I’m always surprised when people tell me they’ve read my column in The Reader — whether in print or online. Actually, I’m surprised anyone reads anything that isn’t a tweet, a post, a gram, whatever.
How people get their news has obviously changed amazingly over the past 20 years. No more so than how we get our local news. It’s hard to explain to people in their 20s that the Omaha World-Herald once was a media giant. “That printed thing their grandparents read” was our most credible source for local news, as well as our community’s cultural bellwether.
Here’s a familiar stat I learned at J-school in the ’80s: The Sunday edition of the Omaha World-Herald once had the highest local saturation of any newspaper in the United States on a per capita basis. Everyone around here read it, and most read the daily editions as well, either at home or at the office.

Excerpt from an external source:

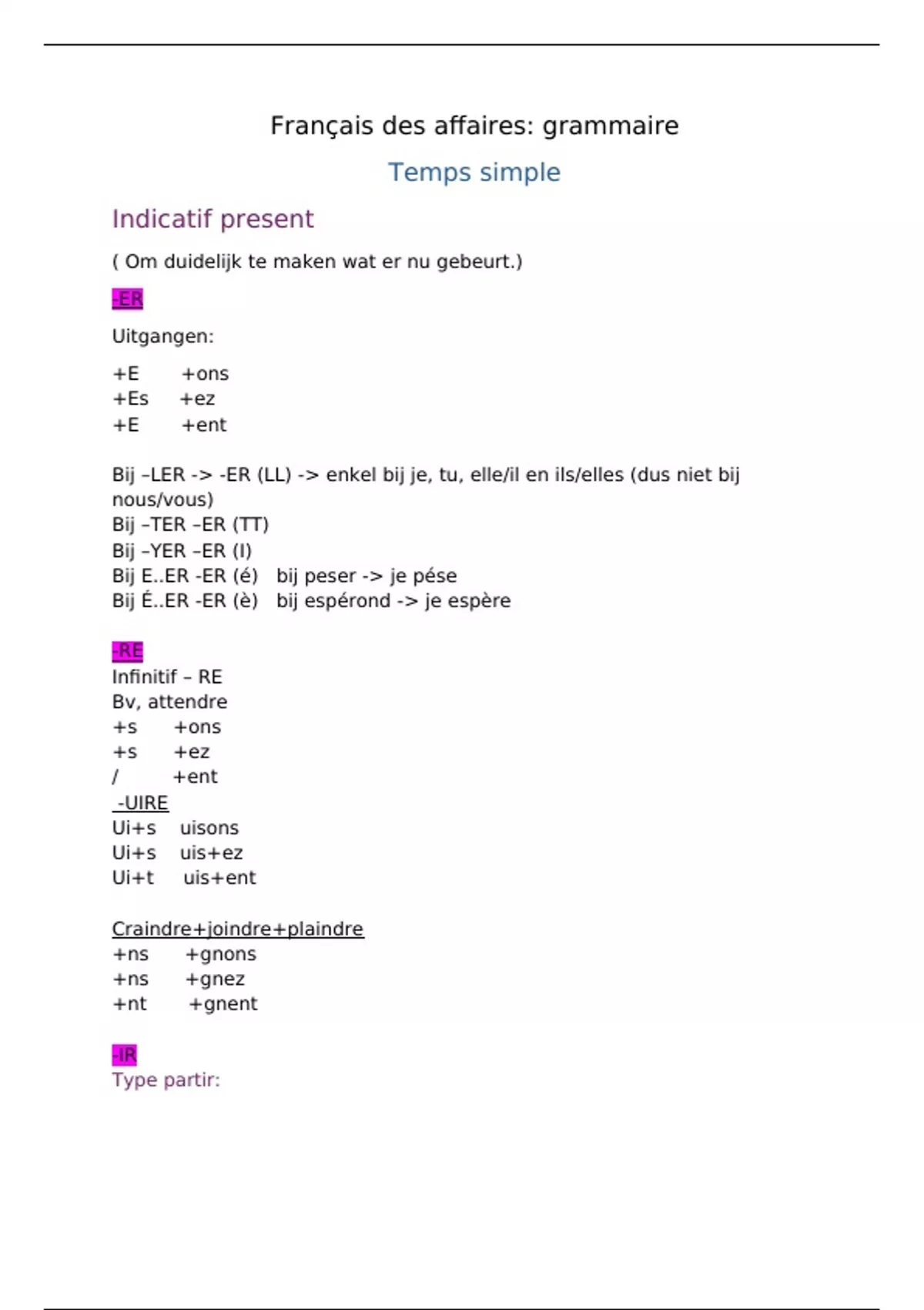 Ik heb Frans van begin moeten leren en om werkwoord grammatica te leren heb ik alle regels van werkwoordvervoegingen en uitzonderingen die gevraagd kunnen worden op het examen Français des affaires ( eerste jaar ) samen gevat in dit document. Door deze samenvatting te leren ben ik geslaagd voor werkwoord grammatica en uiteindelijk ook voor het examen! Good luck!
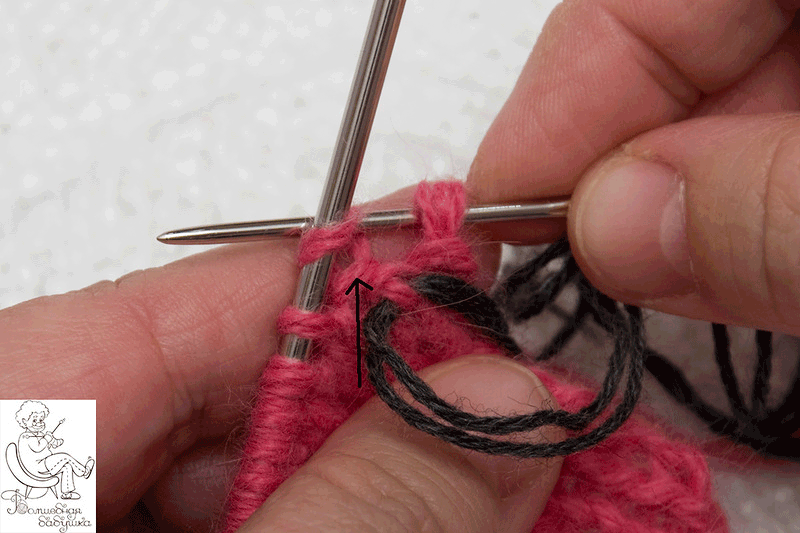 6) Ищем левую дужку петли от пары «изнанка с изнанкой». Она показана стрелочкой. Петля сейчас хорошо видна, т.к. я ее подтянула. На самом деле она чуточку бывает утоплена в предыдущем ряду.

That’s all gone. Just ask the 20-something person in line next to you at the grocery store or in your office. They don’t read the Omaha World-Herald online and definitely not in print. In fact, they don’t read anything in print.
Those of us of a certain age watched the OWH rapidly become thinner and thinner with the advent of the internet and social media, and certainly since Berkshire Hathaway sold its share of the paper to Lee Enterprises a few years ago. The reporting staff was decimated, and now it’s only a matter of time before its remaining readers literally die off.
So what’s filling the news void the OWH is leaving behind? I’d love to tell you it’s The Reader … Oh, The Reader definitely plays an important role in local media, but it’s not replacing the great, gray Herald, at least not yet.
Instead, three new online publications are jockeying for that role.
First and least likely to succeed is Nebraska Sunrise News (NSN), the new online website with the credo, “News, not Narrative,” which makes no sense since most written news is in narrative form. Maybe it meant, “News, not Opinion” or “News, not one-sided reporting by the liberal Fake News monopoly.” While the NSN website doesn’t have a traditional staff box (the first sign something’s wrong here), digging around on the web I discovered its CEO is prominent Republican Suzanne Geist, who has connections to the Ricketts family. The site’s contributors include right-wing talk-show host Chris Baker. Out of the box, NSN has a mountain to climb in regard to credibility.
(Yes, I know Fox News has the largest viewership of any cable “news” channel but that’s because it’s the only outlet for right-wing-slanted, Trump-humpin’ propaganda. The combined viewership of legitimate cable news organizations vastly dwarfs Fox’s audience.)
Next, the Flatwater Free Press, an online publication developed by Matt Winn, a former editor on the investigative desk of USA Today, and Matthew Hansen, a former OWH reporter and columnist. The Flatwater Freep’s focus is on long-form investigative journalism, the kind of stories that take months (even years) to report and write. Operating as a nonprofit entity, the Freep has hired a talented staff and (I’m told) acquired three years’ worth of operating funds. So the Freep has three years to win its Pulitzer (something the OWH never managed to do for its reporting) because that’s what it’s going to take for the Freep to break through to a larger audience.
Finally, there’s the Nebraska Examiner, part of the States Newsroom nonprofit network of state-based outlets with a national bureau in Washington, D.C.,
reportedly funded by left-leaning foundations with ties to billionaire George Soros. (Note: The Examiner’s Cate Folsom has reached out to say those reports are false, and pointed to a PolitiFact fact check that also claimed the reporting is false. She said States Newsroom and the Nebraska Examiner have not received funding from George Soros.) Run by former OWH editor Cate Folsom, The Examiner has the great benefit of having two of the OWH’s most-respected reporters on staff, Cindy Gonzalez and Paul Hammel.
Both the Freep and the Examiner follow creative commons policies in which their stories can be republished by anyone as long as proper attribution is provided. I discovered this while reading an article posted on the KMTV website about the proposed new Mutual of Omaha headquarters building. Most “written” articles on local TV news websites read as if they’d been translated from another language via Google Translate, but this article virtually sang. I scrolled up and discovered it was a Nebraska Examiner story written by Gonzalez.
Four things are needed for one of these publications to win the war, because in the end, only one will survive: 1) solid, unbiased reporting on a daily basis, 2) broad re-publication of their content, 3) a strong, credible web and social media presence.
And maybe most important of all: A terrific, daily, direct-to-your-inbox subscription newsletter, similar to what Axios, The New York Times and other successful national news outlets provide. Because those morning e-newsletters are what are replacing the daily newspaper.
Of all three publications, Nebraska Examiner does these things the best. It’s only a matter of time until people (other than journalism wonks) take notice.